PROVIDED MATERIAL:
---*---

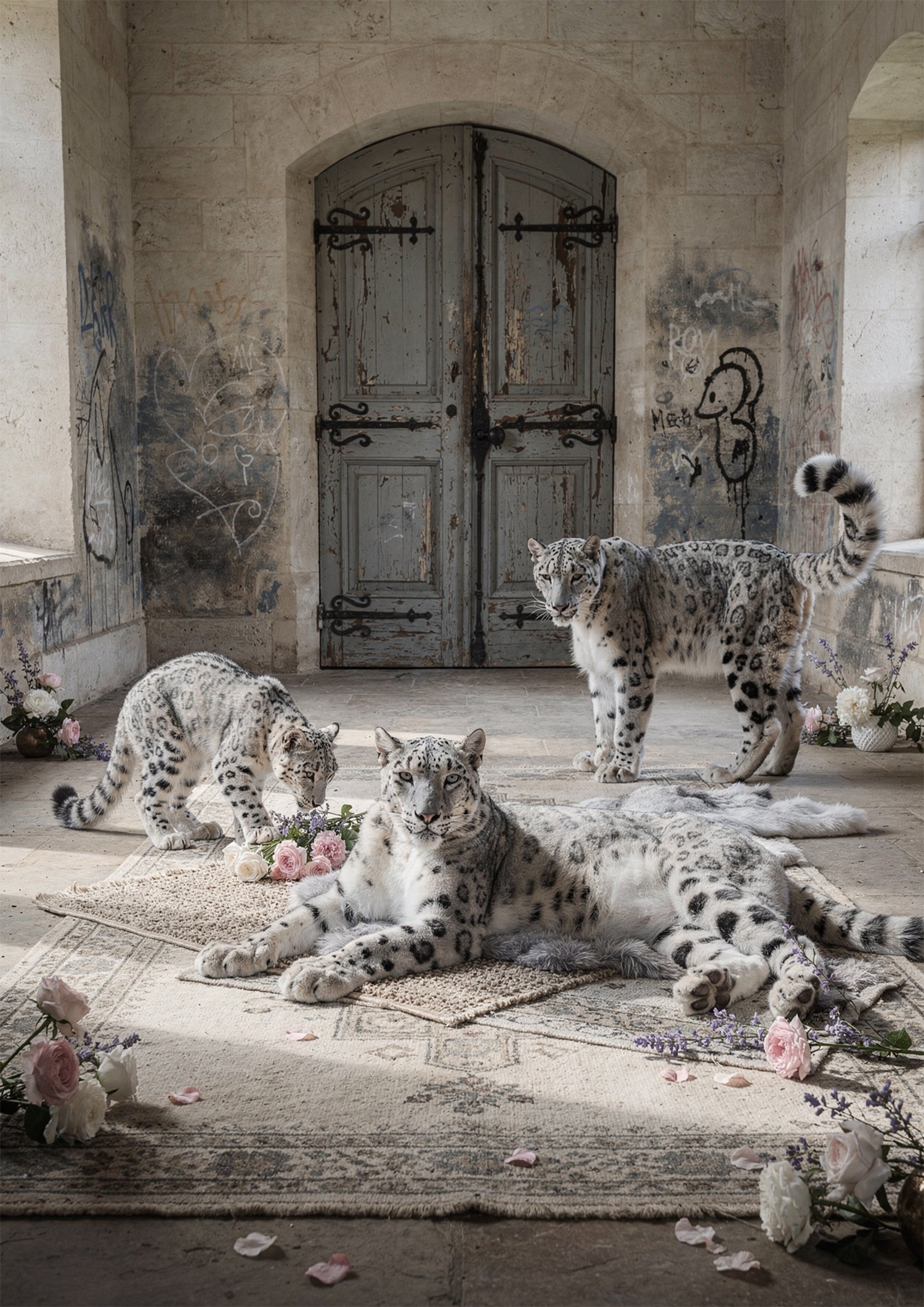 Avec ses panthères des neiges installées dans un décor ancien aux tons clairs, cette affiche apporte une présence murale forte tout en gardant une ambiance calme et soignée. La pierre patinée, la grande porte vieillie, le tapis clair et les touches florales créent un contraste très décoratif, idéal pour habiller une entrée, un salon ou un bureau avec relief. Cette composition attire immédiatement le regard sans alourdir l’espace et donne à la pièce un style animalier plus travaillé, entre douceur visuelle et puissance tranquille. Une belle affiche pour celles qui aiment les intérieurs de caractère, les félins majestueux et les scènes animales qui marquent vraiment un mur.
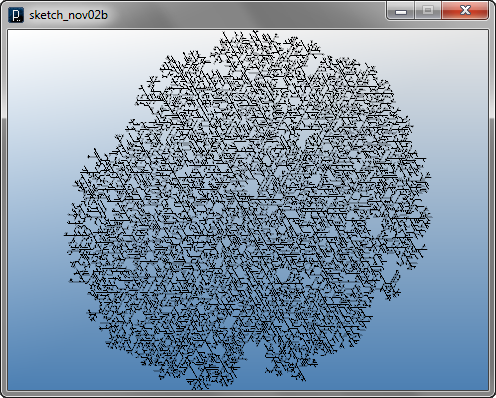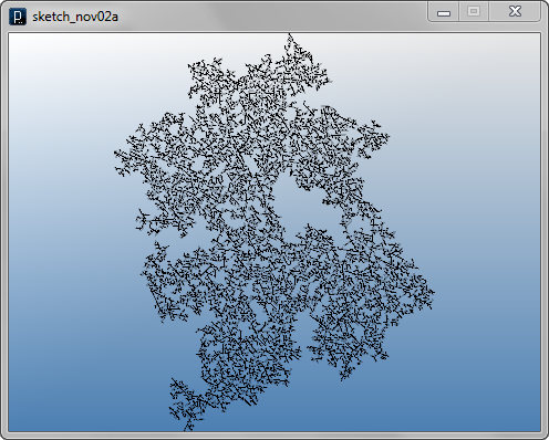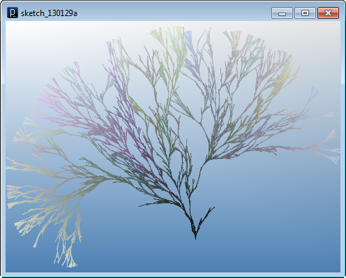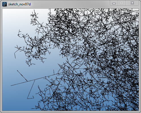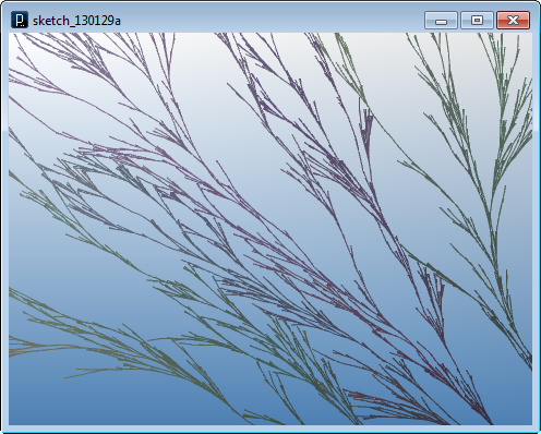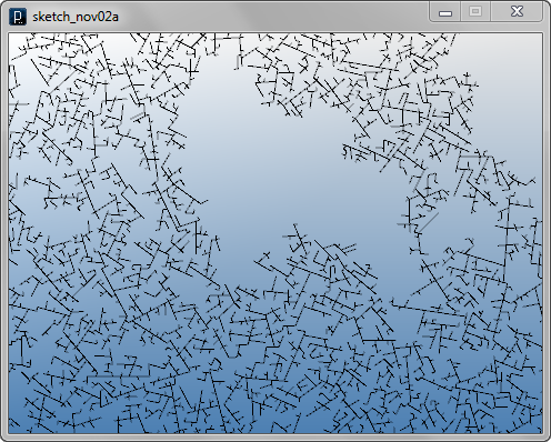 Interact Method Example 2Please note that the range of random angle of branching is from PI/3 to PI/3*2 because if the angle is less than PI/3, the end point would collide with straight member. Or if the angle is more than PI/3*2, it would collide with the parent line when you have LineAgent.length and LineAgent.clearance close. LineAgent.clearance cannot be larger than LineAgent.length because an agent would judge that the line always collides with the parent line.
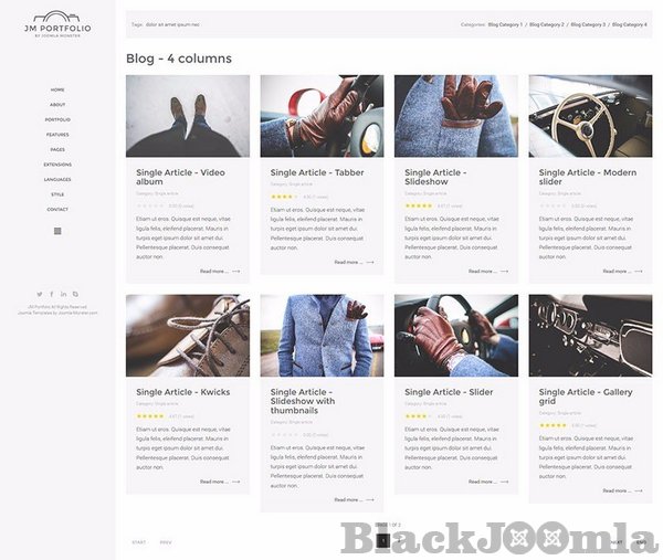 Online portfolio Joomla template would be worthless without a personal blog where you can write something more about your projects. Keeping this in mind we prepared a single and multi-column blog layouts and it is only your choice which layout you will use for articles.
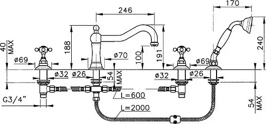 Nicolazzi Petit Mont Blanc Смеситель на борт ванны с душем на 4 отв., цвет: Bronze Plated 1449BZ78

---*---

Starting at the top of the listing above, reproduce each line up to and including the one with "Interact Method Example"; omit the pictures.

 Avec ses panthères des neiges installées dans un décor ancien aux tons clairs, cette affiche apporte une présence murale forte tout en gardant une ambiance calme et soignée. La pierre patinée, la grande porte vieillie, le tapis clair et les touches florales créent un contraste très décoratif, idéal pour habiller une entrée, un salon ou un bureau avec relief. Cette composition attire immédiatement le regard sans alourdir l’espace et donne à la pièce un style animalier plus travaillé, entre douceur visuelle et puissance tranquille. Une belle affiche pour celles qui aiment les intérieurs de caractère, les félins majestueux et les scènes animales qui marquent vraiment un mur.
 Interact Method Example 2Please note that the range of random angle of branching is from PI/3 to PI/3*2 because if the angle is less than PI/3, the end point would collide with straight member. Or if the angle is more than PI/3*2, it would collide with the parent line when you have LineAgent.length and LineAgent.clearance close. LineAgent.clearance cannot be larger than LineAgent.length because an agent would judge that the line always collides with the parent line.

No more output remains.